Essential life principles

So, how do we tackle this issue? Purely focusing on the fact that people don’t see the purpose in their jobs, we could state that giving it reason (again) will go a long way. Or at least move us in the right direction. When we see the purpose of the work we’re doing, it becomes more rewarding and enjoyable. What we value in our lives - what we hold as important - plays a central role in this.

Principles that we find desirable, important or even essential in our lives, are what we would call our core values. If what you do is in line with these values, your actions produce satisfaction and a sense of fulfilment. But if there is a misalignment between our actions and values, this can cause us to feel miserable. For example: when autonomy is high on your agenda, but you work in an environment where your manager is constantly lurking over you - it’s highly likely you won’t feel happy. However, when you’re given responsibility and trust in doing your job, this will result in a sense of happiness.

Our personal core values - reflections of what we care most about in life - can be narrowed down to the following (work related) types:

  • Intrinsic values: Such values have more to do with the actual tasks involved in fulfilling a role. For example: helping other, doing something meaningful or practice great leadership.
  • Extrinsic values: These values are concerned with what you get out of your work, rather than what you put in it. Like: a salary, job security or great colleagues.
  • Lifestyle values: What and where you work creates a certain lifestyle. The type of lifestyle you desire, is what defines your lifestyle values.
Setting course

Our values act as a compass for who we are and how we act. Ignoring this compass can lead to a lot of frustration or discomfort at work. It can feel like something just isn’t right. On the longer term, working in an environment that goes against our core values can lead to serious health issues both mentally and physically. Many people burnt out at work because they have been trying to fit their square-shaped values in round shapes, not just because they have been working extremely long hours.

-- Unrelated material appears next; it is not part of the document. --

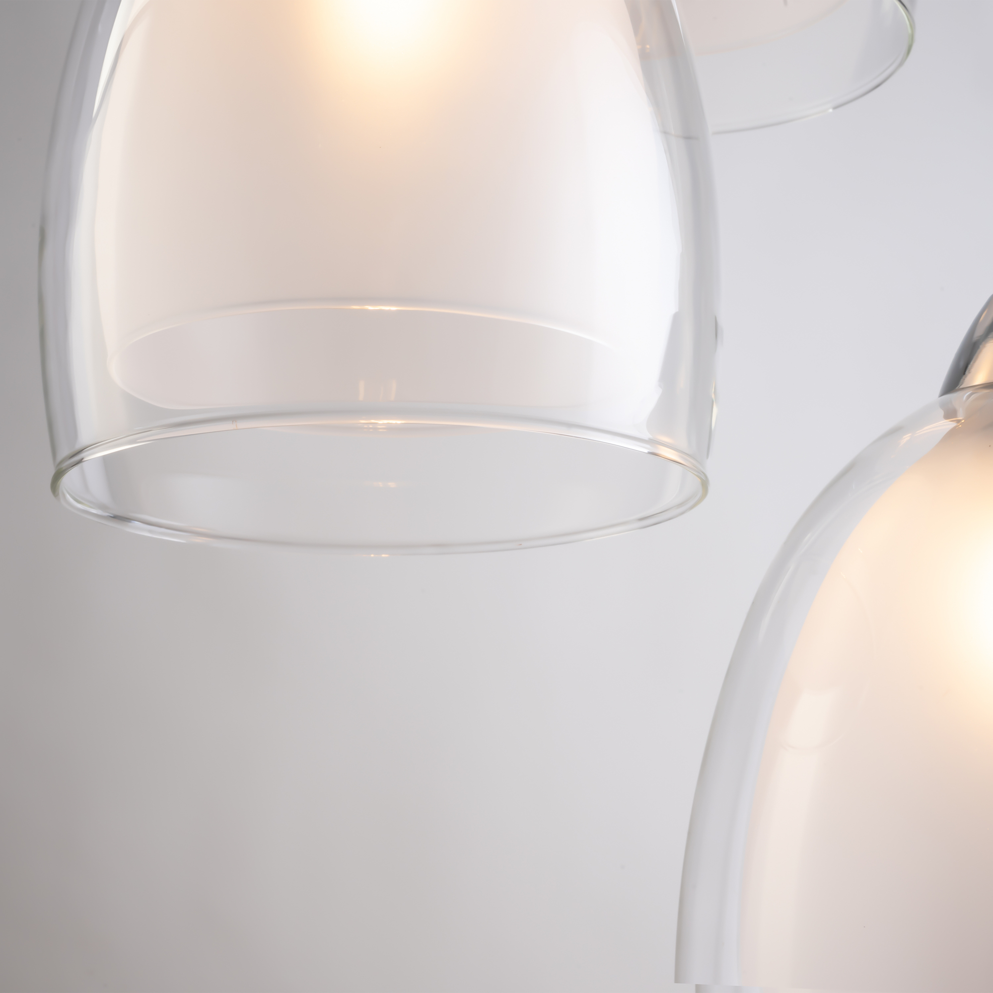 Арматура из металла в цвете хром. Двойные стеклянные плафоны в 3-х оттенках: дымчатый, коньячный, прозрачный. Компактные светильники-каскады в 2-х комбинациях — с одним плафоном и тремя. Высота тросов регулируется. Источник света — лампа с цоколем Е27

In contrast, if we possess a clear sense of our values and act according to them, we are able to set course. When people work in a role that fulfils their needs, they experience higher levels of job satisfaction and their productivity rises. We not only stay healthier, it also has benefits for the organisation as it leads to a positive work culture and, ultimately, better business results.

Finding your motivation
Defining your core values is to determine what motivates you. What could motivate someone else, might not motivate you at all. Are you driven by respect, a high salary and frequent travel? Or do you rather have a job that is more connected to helping other people? Once you find out what motivates you, it will become easier for you to define your ideal job and lifestyle, and how to pursue that career.

For some people, this is easier said than done. A lot of us aren’t even aware of our core values, and experience a feeling that “something is just wrong” at work, or in our lives. Many of us have been through multiple roles until they figured out what they we’re actually motivated by. But the interesting thing about our core values is that even if you’ve never consciously considered them, they have always been a part of you. We mostly become aware of our values when something questions or clashes with them. Setting some time aside to think about what is really important to you, will help you achieve far greater success, motivation and happiness.

etting your values and work in synch could be the step in your career, if not in your life. So take a moment to find out what your values are, and how these values will fit your career. It will give your work purpose (again), and make it much more enjoyable.